### [Provided information]
┄┄┄┄┄┄┄┄┄┄

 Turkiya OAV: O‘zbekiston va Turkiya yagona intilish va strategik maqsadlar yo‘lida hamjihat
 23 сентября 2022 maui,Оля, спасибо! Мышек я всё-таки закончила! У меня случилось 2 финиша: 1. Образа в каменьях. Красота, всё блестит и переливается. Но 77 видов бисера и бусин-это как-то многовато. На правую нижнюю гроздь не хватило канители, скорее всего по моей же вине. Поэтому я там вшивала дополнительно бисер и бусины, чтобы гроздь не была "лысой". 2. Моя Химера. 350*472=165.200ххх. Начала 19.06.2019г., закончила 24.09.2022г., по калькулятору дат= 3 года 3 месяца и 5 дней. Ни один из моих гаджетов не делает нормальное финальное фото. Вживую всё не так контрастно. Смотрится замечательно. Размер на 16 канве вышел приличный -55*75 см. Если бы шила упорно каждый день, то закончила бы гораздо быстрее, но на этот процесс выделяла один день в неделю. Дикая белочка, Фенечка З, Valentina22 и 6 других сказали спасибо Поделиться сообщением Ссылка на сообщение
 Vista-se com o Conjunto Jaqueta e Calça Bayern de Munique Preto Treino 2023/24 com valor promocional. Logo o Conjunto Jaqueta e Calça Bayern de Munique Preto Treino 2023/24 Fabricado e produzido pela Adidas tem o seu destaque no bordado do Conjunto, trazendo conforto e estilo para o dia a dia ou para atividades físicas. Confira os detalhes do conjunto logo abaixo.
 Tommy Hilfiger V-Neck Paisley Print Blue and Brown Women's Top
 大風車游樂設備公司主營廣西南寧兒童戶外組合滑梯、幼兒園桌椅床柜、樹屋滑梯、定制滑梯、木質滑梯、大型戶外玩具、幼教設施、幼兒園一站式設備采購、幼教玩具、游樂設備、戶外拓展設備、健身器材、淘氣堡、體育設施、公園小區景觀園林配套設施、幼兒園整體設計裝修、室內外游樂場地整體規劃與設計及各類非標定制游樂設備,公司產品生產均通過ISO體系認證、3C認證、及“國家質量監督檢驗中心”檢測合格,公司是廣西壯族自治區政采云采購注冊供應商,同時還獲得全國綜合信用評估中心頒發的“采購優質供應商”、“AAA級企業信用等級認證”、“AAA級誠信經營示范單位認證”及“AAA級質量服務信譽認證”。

┄┄┄┄┄┄┄┄┄┄

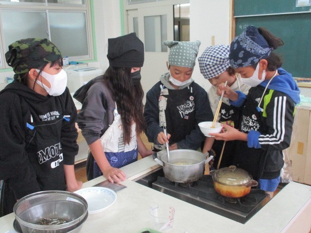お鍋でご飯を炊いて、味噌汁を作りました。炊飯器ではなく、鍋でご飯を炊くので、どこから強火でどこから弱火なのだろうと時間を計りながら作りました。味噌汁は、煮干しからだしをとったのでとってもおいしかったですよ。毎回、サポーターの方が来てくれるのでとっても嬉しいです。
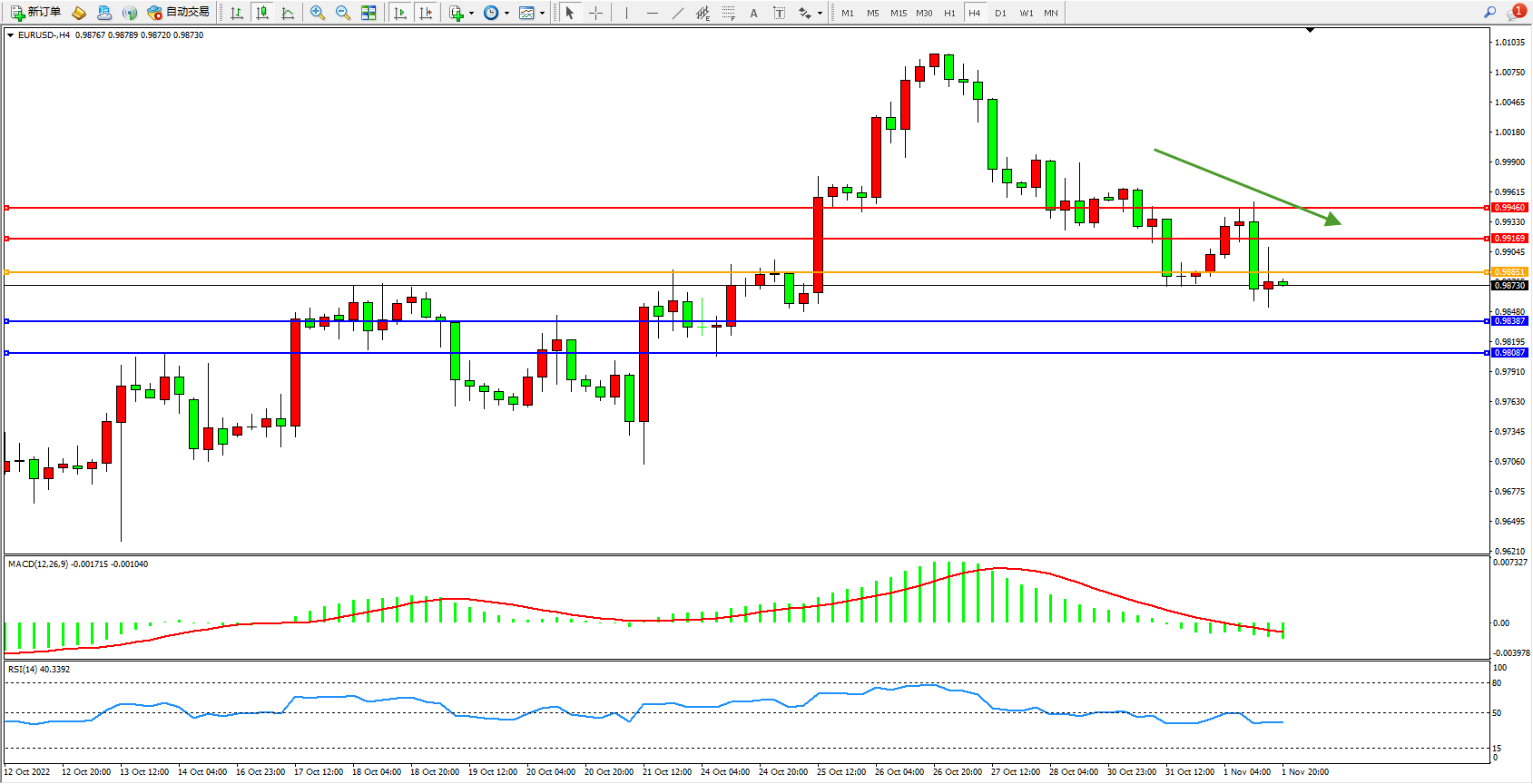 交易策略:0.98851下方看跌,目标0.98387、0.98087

┄┄┄┄┄┄┄┄┄┄

### [Task instructions]
Using the records above, write out exactly the lines between the one holding "Turkiya OAV: O‘zbekiston" and the one holding "Tommy Hilfiger V-Neck", inclusive; leave everything else out.

### [Response area]
 Turkiya OAV: O‘zbekiston va Turkiya yagona intilish va strategik maqsadlar yo‘lida hamjihat
 23 сентября 2022 maui,Оля, спасибо! Мышек я всё-таки закончила! У меня случилось 2 финиша: 1. Образа в каменьях. Красота, всё блестит и переливается. Но 77 видов бисера и бусин-это как-то многовато. На правую нижнюю гроздь не хватило канители, скорее всего по моей же вине. Поэтому я там вшивала дополнительно бисер и бусины, чтобы гроздь не была "лысой". 2. Моя Химера. 350*472=165.200ххх. Начала 19.06.2019г., закончила 24.09.2022г., по калькулятору дат= 3 года 3 месяца и 5 дней. Ни один из моих гаджетов не делает нормальное финальное фото. Вживую всё не так контрастно. Смотрится замечательно. Размер на 16 канве вышел приличный -55*75 см. Если бы шила упорно каждый день, то закончила бы гораздо быстрее, но на этот процесс выделяла один день в неделю. Дикая белочка, Фенечка З, Valentina22 и 6 других сказали спасибо Поделиться сообщением Ссылка на сообщение
 Vista-se com o Conjunto Jaqueta e Calça Bayern de Munique Preto Treino 2023/24 com valor promocional. Logo o Conjunto Jaqueta e Calça Bayern de Munique Preto Treino 2023/24 Fabricado e produzido pela Adidas tem o seu destaque no bordado do Conjunto, trazendo conforto e estilo para o dia a dia ou para atividades físicas. Confira os detalhes do conjunto logo abaixo.
 Tommy Hilfiger V-Neck Paisley Print Blue and Brown Women's Top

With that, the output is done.